ASSIGNMENT => Please return the lines below verbatim, beginning at the one that has "- Modernes Gartenhaus" and stopping after the one that has "在市场紧张的情况下,德国电价已飙升至创纪录水平", and add no other lines.

EXERCISE DATA =>

============

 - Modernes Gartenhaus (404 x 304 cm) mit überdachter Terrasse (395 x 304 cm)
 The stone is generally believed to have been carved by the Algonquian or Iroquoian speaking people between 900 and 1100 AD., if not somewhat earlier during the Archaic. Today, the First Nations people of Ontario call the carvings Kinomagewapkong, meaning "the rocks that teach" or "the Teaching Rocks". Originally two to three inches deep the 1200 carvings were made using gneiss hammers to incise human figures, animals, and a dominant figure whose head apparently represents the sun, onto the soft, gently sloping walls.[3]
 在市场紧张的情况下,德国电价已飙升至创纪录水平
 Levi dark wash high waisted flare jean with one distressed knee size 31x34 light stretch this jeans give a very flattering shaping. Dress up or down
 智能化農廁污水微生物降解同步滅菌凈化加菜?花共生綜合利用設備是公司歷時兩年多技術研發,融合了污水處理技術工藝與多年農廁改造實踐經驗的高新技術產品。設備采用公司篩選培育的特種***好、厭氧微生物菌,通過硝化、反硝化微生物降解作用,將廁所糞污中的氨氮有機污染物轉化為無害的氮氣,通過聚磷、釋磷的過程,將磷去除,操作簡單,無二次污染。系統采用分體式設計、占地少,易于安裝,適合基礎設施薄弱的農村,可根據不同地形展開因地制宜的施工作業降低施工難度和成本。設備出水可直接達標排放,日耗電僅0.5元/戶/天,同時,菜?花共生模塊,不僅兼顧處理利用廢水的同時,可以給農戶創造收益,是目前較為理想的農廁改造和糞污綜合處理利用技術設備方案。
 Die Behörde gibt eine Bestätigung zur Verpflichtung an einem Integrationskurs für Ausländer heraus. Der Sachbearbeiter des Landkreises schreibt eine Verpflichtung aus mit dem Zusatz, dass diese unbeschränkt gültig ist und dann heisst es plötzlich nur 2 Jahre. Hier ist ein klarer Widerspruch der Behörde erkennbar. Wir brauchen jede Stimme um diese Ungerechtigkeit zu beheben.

============

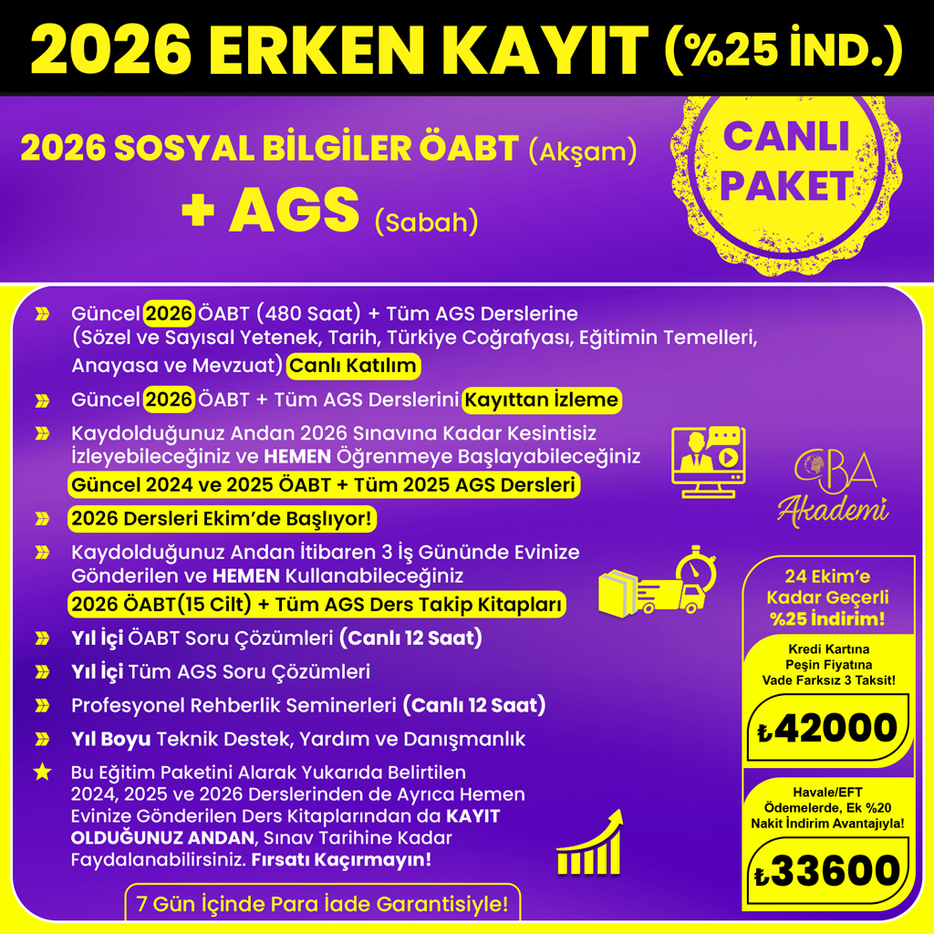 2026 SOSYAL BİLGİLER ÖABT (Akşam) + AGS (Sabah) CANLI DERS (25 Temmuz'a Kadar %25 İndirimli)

============

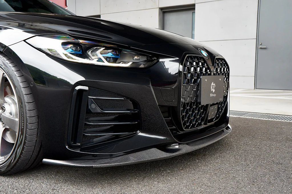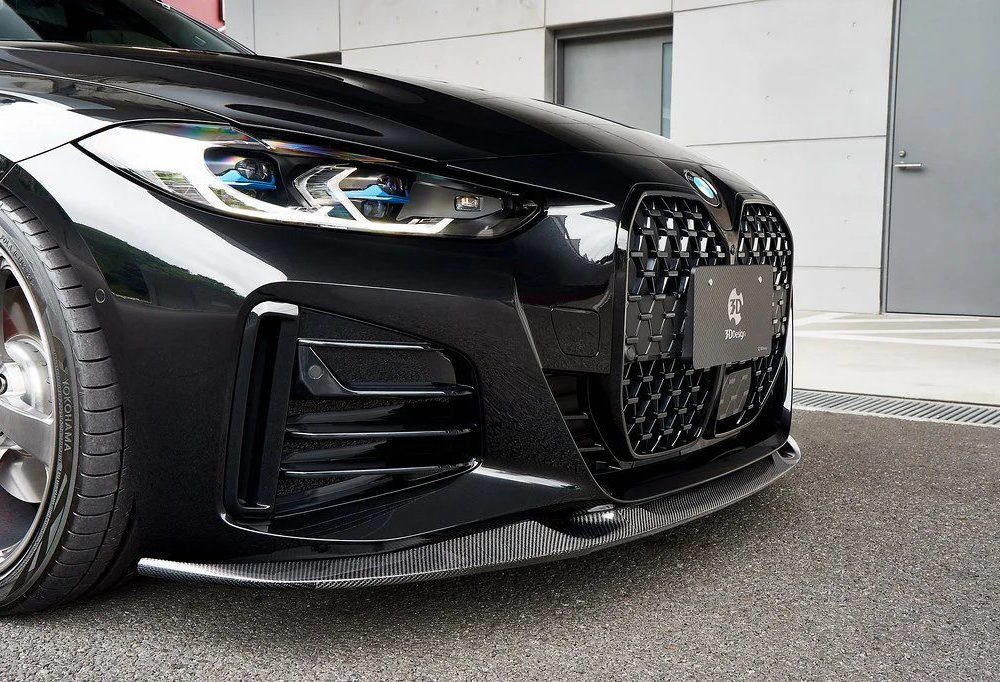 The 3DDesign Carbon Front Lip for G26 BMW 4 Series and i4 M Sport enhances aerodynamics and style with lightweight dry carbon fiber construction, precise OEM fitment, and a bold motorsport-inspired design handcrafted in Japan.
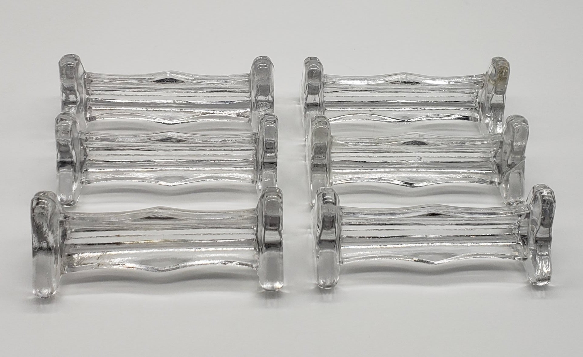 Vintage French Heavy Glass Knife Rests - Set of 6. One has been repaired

============

PROBLEM SOLUTION =>
 - Modernes Gartenhaus (404 x 304 cm) mit überdachter Terrasse (395 x 304 cm)
 The stone is generally believed to have been carved by the Algonquian or Iroquoian speaking people between 900 and 1100 AD., if not somewhat earlier during the Archaic. Today, the First Nations people of Ontario call the carvings Kinomagewapkong, meaning "the rocks that teach" or "the Teaching Rocks". Originally two to three inches deep the 1200 carvings were made using gneiss hammers to incise human figures, animals, and a dominant figure whose head apparently represents the sun, onto the soft, gently sloping walls.[3]
 在市场紧张的情况下,德国电价已飙升至创纪录水平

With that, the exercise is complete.